What this task involves -
Search the listing below for the line with "สีขาวครีม สไตล์มินิมอล ระบบ", then write out that line and every one after it exactly, without the pictures.

Dataset section -

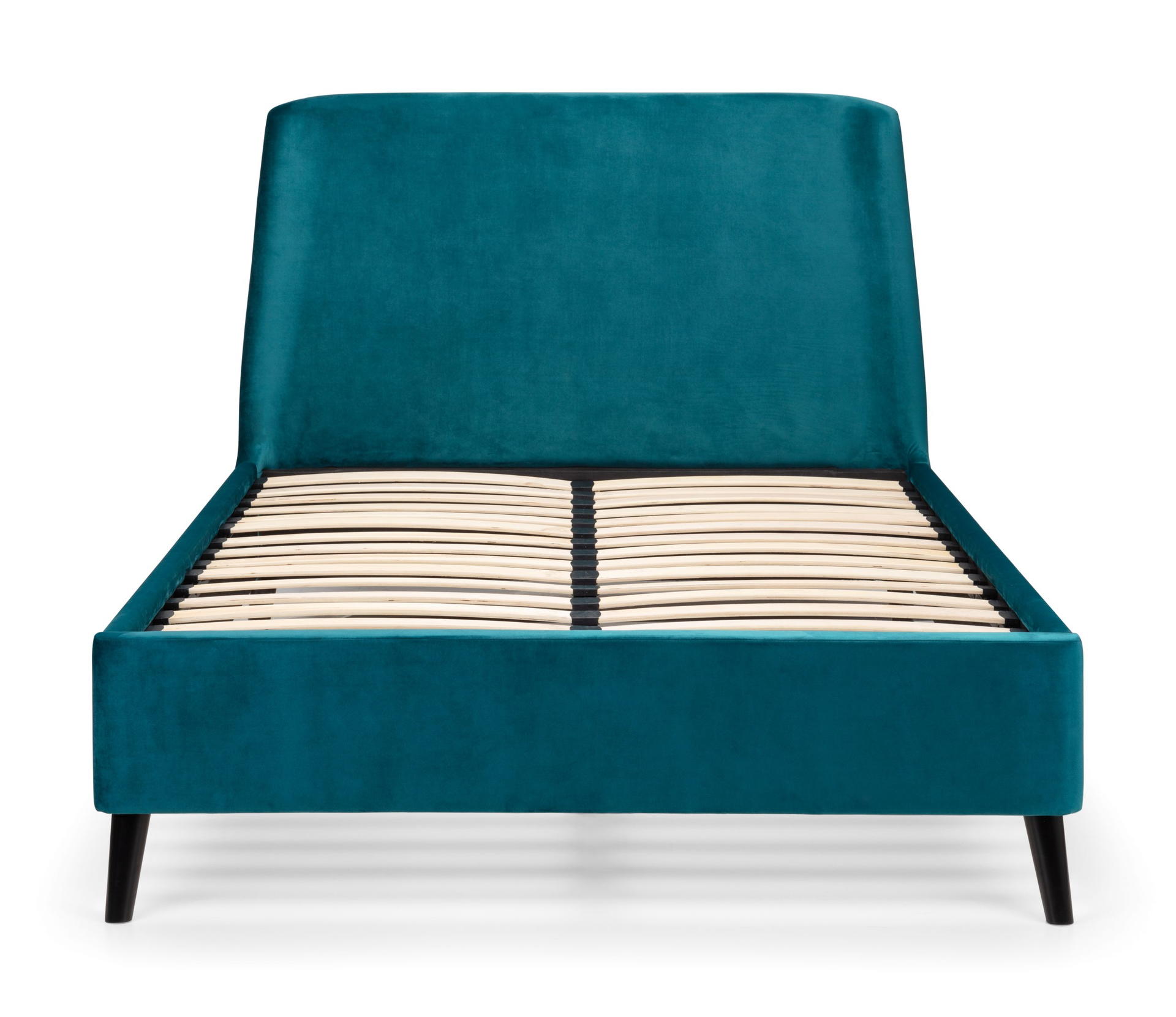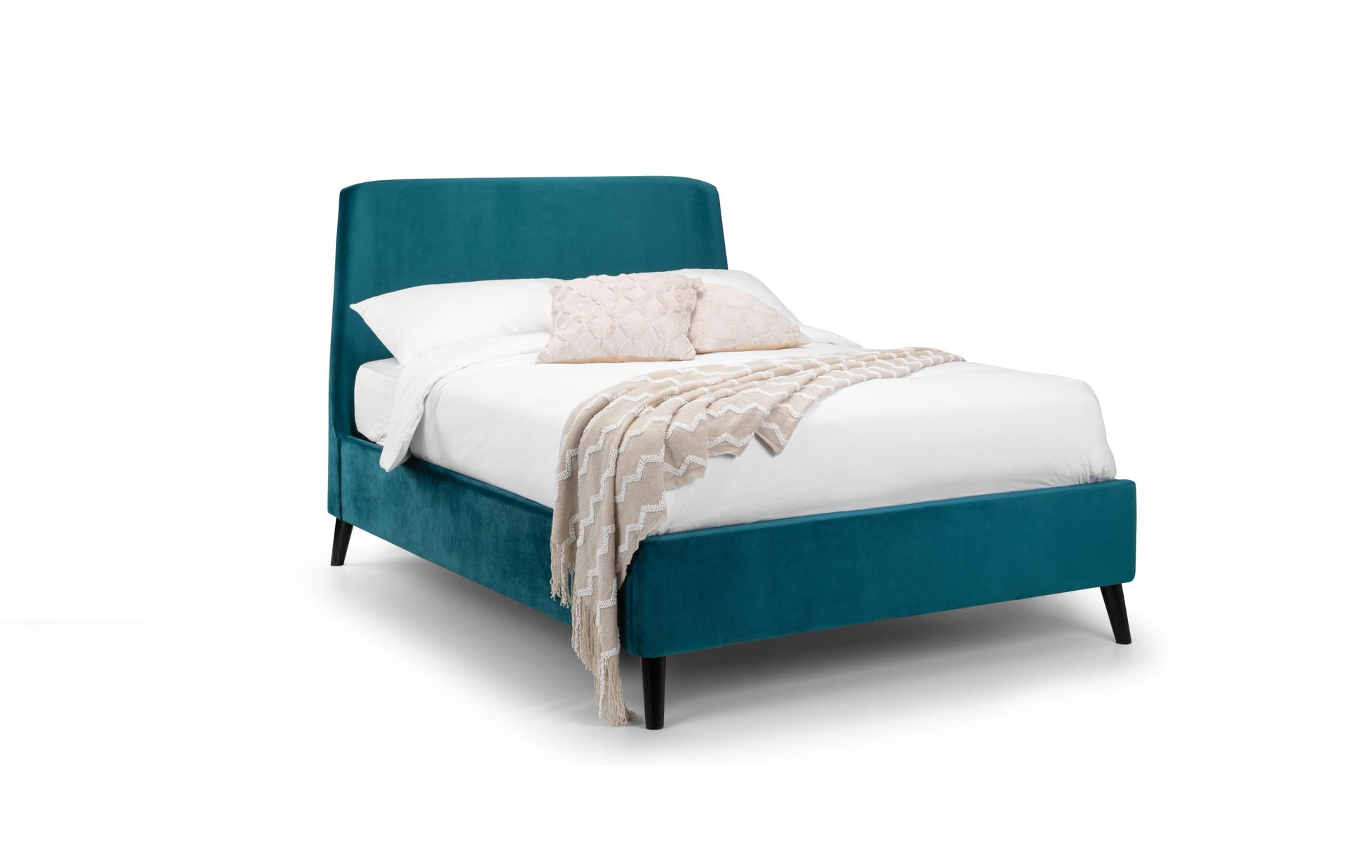 Featuring a gorgeous, curved headboard, the Frida bed exudes elegance and comfort. The black contrasting legs paired with the smooth velvet gives a modern look – and is likely to be the statement piece in any bedroom. It is also available in an ottoman version, perfect for those with smaller bedroom areas as it provides that extra storage space. Available in two beautiful shades of teal and grey.
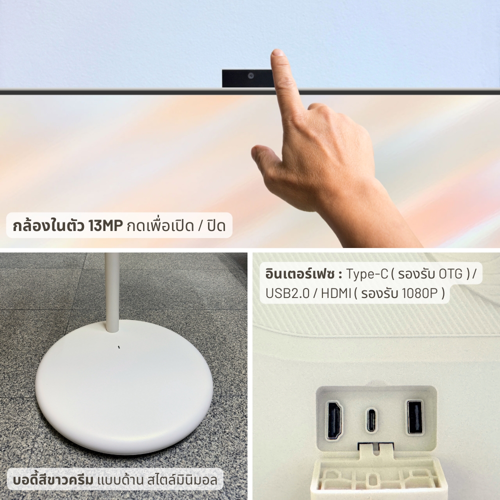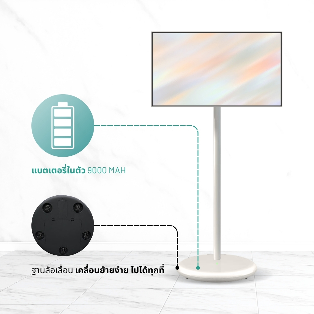 หน้าจอตั้งพื้นอัจฉริยะ ขนาด 27" สีขาวครีม สไตล์มินิมอล ระบบ Android 15 ล่าสุด! หมุนได้ สัมผัสได้ พร้อมแบตในตัว ยกระดับความบันเทิงและการทำงานด้วย Movable Android Smart Monitor ไม่ใช่แค่จอธรรมดา แต่คือแท็บเล็ตขนาดยักษ์ที่เดินตามคุณไปได้ทุกที่!
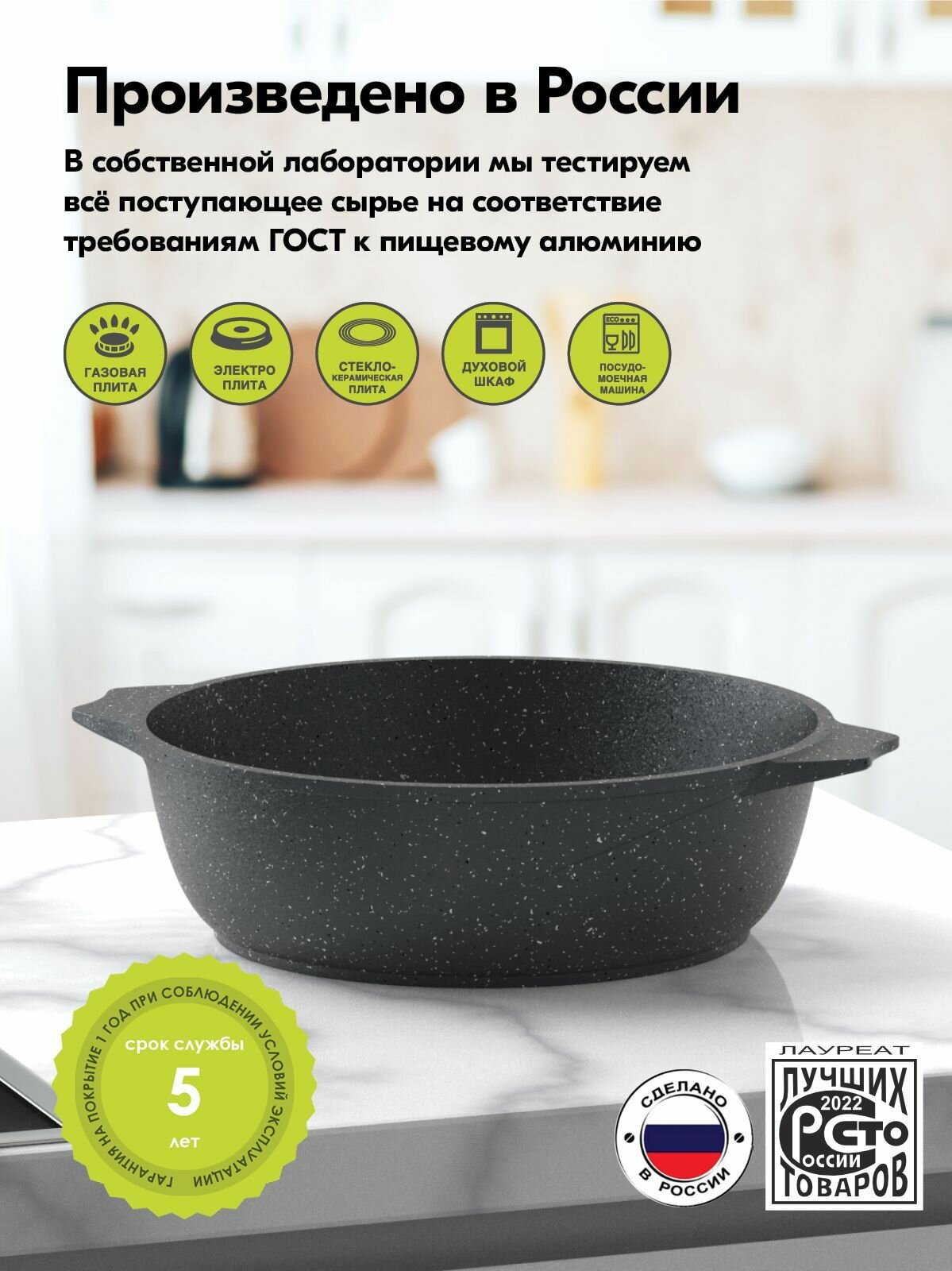 Жаровня "Мечта" 3л Гранит с антипригарным покрытием с крышкой, можно мыть в посудомоечной машине

Answer to this task -
 หน้าจอตั้งพื้นอัจฉริยะ ขนาด 27" สีขาวครีม สไตล์มินิมอล ระบบ Android 15 ล่าสุด! หมุนได้ สัมผัสได้ พร้อมแบตในตัว ยกระดับความบันเทิงและการทำงานด้วย Movable Android Smart Monitor ไม่ใช่แค่จอธรรมดา แต่คือแท็บเล็ตขนาดยักษ์ที่เดินตามคุณไปได้ทุกที่!
 Жаровня "Мечта" 3л Гранит с антипригарным покрытием с крышкой, можно мыть в посудомоечной машине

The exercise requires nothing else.